Work instruction:
Using the data below, set down every line from the one containing "В КПРФ говорят, что" through the one containing "Il window snapping", inclusive and unchanged. Pictures are to be skipped.

Data listing:

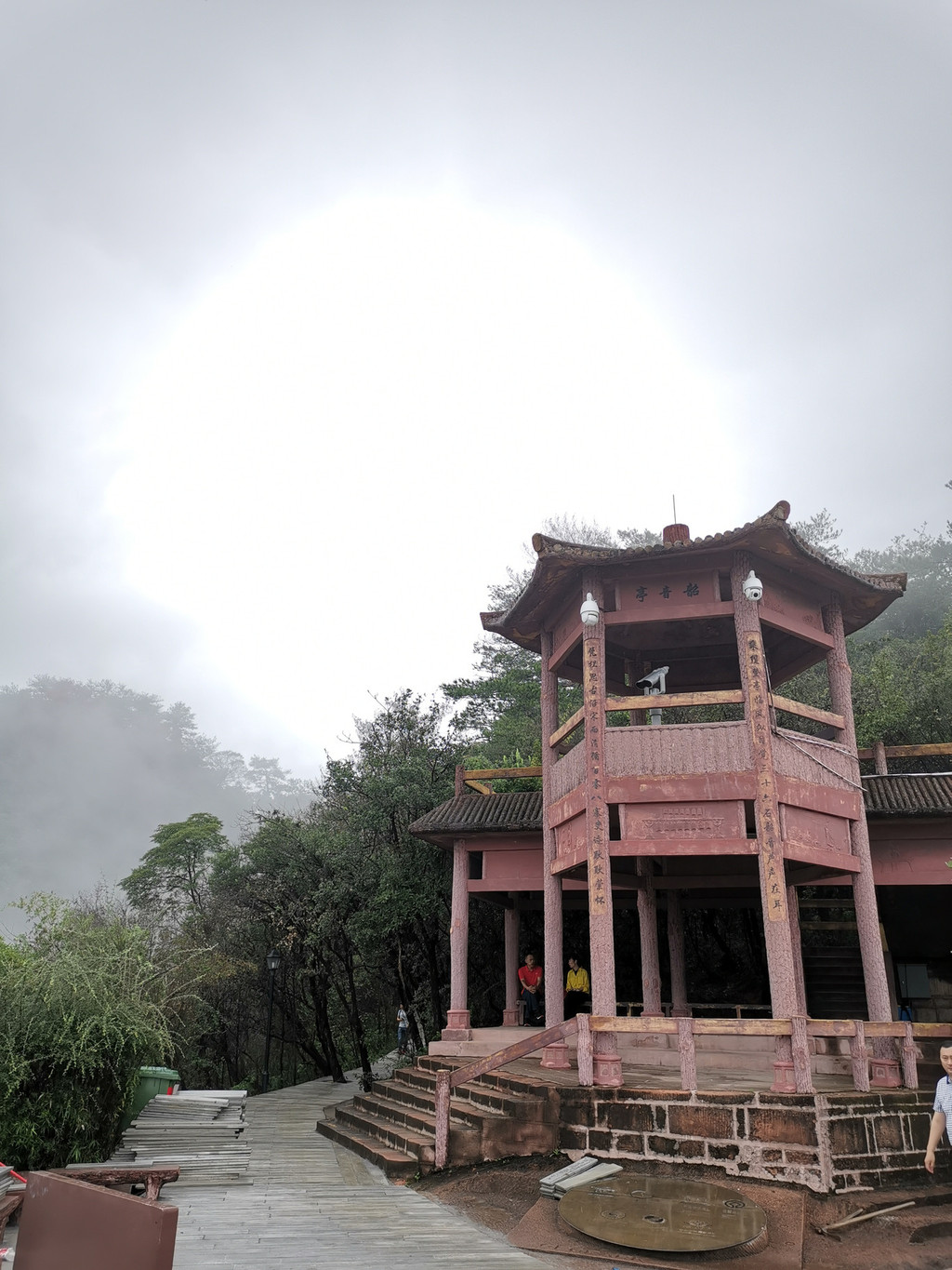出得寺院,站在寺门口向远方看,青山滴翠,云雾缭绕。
...
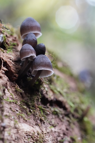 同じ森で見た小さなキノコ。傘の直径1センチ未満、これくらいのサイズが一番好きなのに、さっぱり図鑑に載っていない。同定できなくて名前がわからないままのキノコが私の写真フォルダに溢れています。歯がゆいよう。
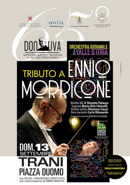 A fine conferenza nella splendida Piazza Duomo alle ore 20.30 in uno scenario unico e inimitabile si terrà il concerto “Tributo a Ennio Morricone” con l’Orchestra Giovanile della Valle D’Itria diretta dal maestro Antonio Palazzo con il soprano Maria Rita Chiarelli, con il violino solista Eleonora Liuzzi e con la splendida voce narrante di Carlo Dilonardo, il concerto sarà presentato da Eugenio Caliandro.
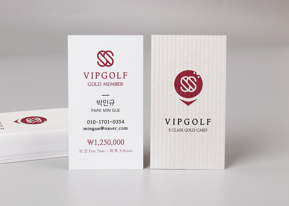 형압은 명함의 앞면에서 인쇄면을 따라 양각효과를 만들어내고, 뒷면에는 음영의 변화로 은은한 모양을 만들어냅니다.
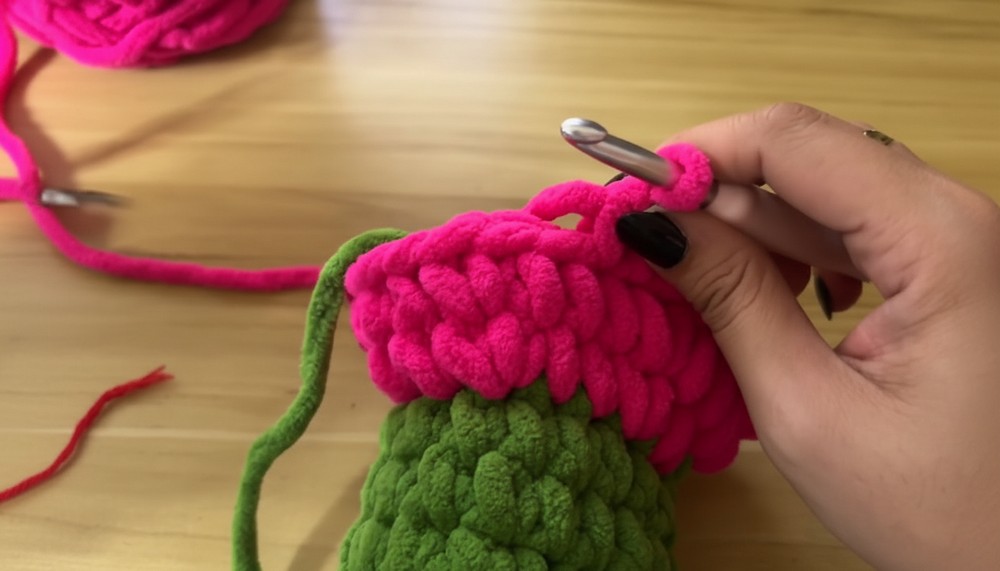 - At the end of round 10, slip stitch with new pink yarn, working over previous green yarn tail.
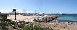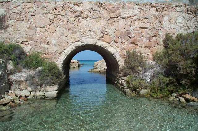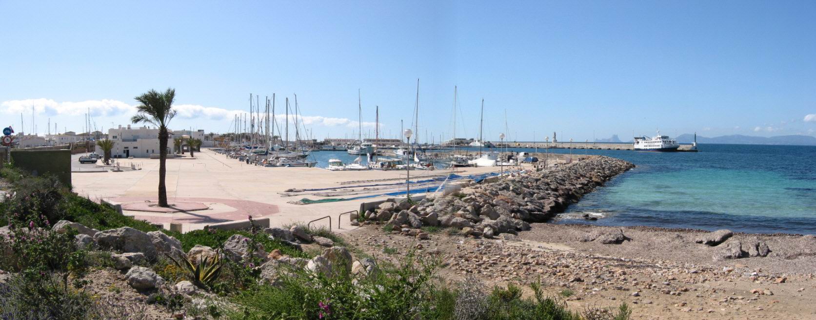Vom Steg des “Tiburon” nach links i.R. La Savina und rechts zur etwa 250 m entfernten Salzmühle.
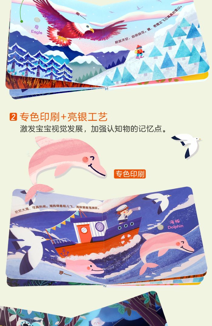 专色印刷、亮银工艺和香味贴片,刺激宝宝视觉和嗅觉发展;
...
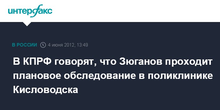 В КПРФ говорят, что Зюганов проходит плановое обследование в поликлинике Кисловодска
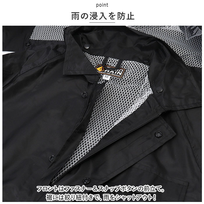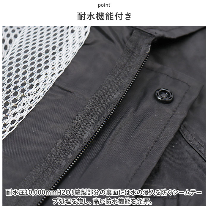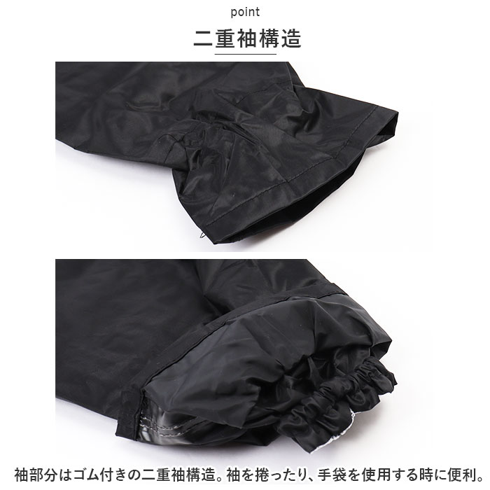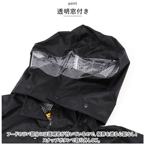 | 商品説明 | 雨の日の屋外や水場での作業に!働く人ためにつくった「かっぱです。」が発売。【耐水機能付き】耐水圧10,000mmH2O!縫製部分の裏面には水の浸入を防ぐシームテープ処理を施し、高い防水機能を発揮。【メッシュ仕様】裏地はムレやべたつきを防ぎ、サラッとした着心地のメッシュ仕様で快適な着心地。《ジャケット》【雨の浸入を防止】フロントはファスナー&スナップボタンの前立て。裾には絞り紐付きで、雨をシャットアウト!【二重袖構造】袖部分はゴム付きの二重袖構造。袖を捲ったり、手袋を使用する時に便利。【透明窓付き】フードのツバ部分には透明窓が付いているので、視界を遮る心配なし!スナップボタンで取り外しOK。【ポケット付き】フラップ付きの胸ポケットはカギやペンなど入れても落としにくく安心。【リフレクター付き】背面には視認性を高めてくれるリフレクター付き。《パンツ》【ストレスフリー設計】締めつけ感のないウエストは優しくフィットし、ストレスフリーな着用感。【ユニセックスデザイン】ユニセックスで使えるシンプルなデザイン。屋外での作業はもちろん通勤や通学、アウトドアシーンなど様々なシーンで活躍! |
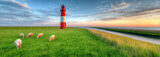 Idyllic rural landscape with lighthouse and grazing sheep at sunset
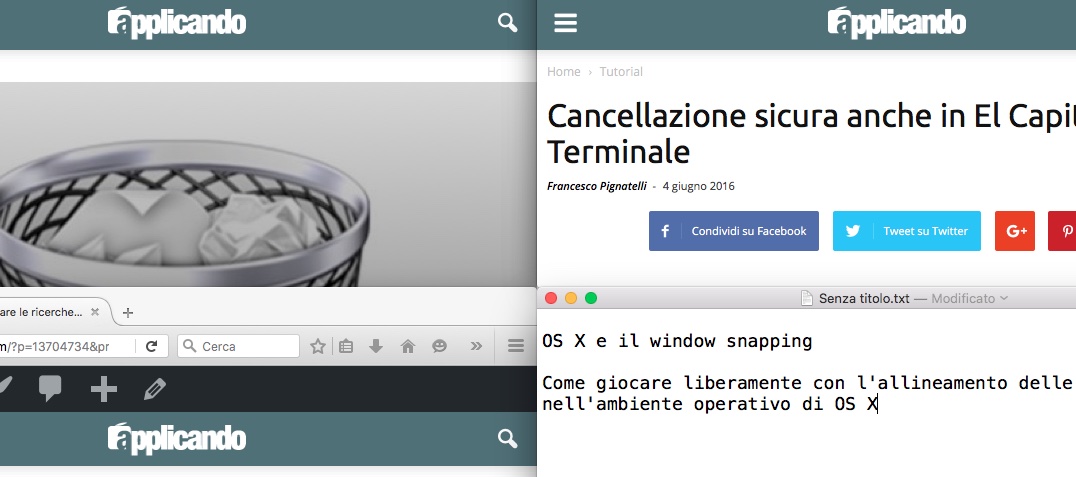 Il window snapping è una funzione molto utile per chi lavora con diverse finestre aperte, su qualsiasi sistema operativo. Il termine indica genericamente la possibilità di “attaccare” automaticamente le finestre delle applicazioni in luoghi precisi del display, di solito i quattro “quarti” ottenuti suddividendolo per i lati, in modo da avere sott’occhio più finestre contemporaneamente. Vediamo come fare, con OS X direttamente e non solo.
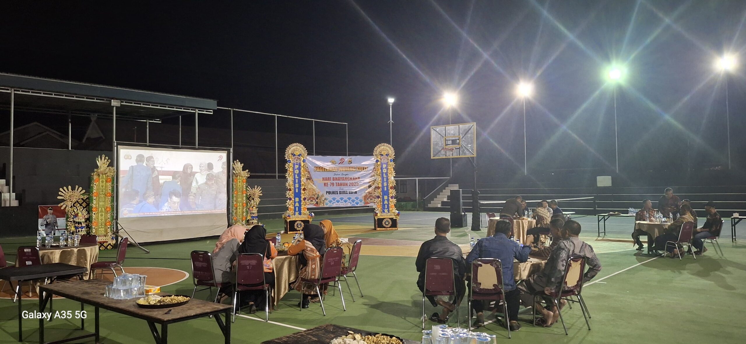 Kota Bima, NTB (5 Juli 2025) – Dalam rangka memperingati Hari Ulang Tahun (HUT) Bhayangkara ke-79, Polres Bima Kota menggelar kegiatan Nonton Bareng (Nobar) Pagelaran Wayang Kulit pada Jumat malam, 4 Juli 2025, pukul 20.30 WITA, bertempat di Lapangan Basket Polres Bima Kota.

Output of the task:
 В КПРФ говорят, что Зюганов проходит плановое обследование в поликлинике Кисловодска
 | 商品説明 | 雨の日の屋外や水場での作業に!働く人ためにつくった「かっぱです。」が発売。【耐水機能付き】耐水圧10,000mmH2O!縫製部分の裏面には水の浸入を防ぐシームテープ処理を施し、高い防水機能を発揮。【メッシュ仕様】裏地はムレやべたつきを防ぎ、サラッとした着心地のメッシュ仕様で快適な着心地。《ジャケット》【雨の浸入を防止】フロントはファスナー&スナップボタンの前立て。裾には絞り紐付きで、雨をシャットアウト!【二重袖構造】袖部分はゴム付きの二重袖構造。袖を捲ったり、手袋を使用する時に便利。【透明窓付き】フードのツバ部分には透明窓が付いているので、視界を遮る心配なし!スナップボタンで取り外しOK。【ポケット付き】フラップ付きの胸ポケットはカギやペンなど入れても落としにくく安心。【リフレクター付き】背面には視認性を高めてくれるリフレクター付き。《パンツ》【ストレスフリー設計】締めつけ感のないウエストは優しくフィットし、ストレスフリーな着用感。【ユニセックスデザイン】ユニセックスで使えるシンプルなデザイン。屋外での作業はもちろん通勤や通学、アウトドアシーンなど様々なシーンで活躍! |
 Idyllic rural landscape with lighthouse and grazing sheep at sunset
 Il window snapping è una funzione molto utile per chi lavora con diverse finestre aperte, su qualsiasi sistema operativo. Il termine indica genericamente la possibilità di “attaccare” automaticamente le finestre delle applicazioni in luoghi precisi del display, di solito i quattro “quarti” ottenuti suddividendolo per i lati, in modo da avere sott’occhio più finestre contemporaneamente. Vediamo come fare, con OS X direttamente e non solo.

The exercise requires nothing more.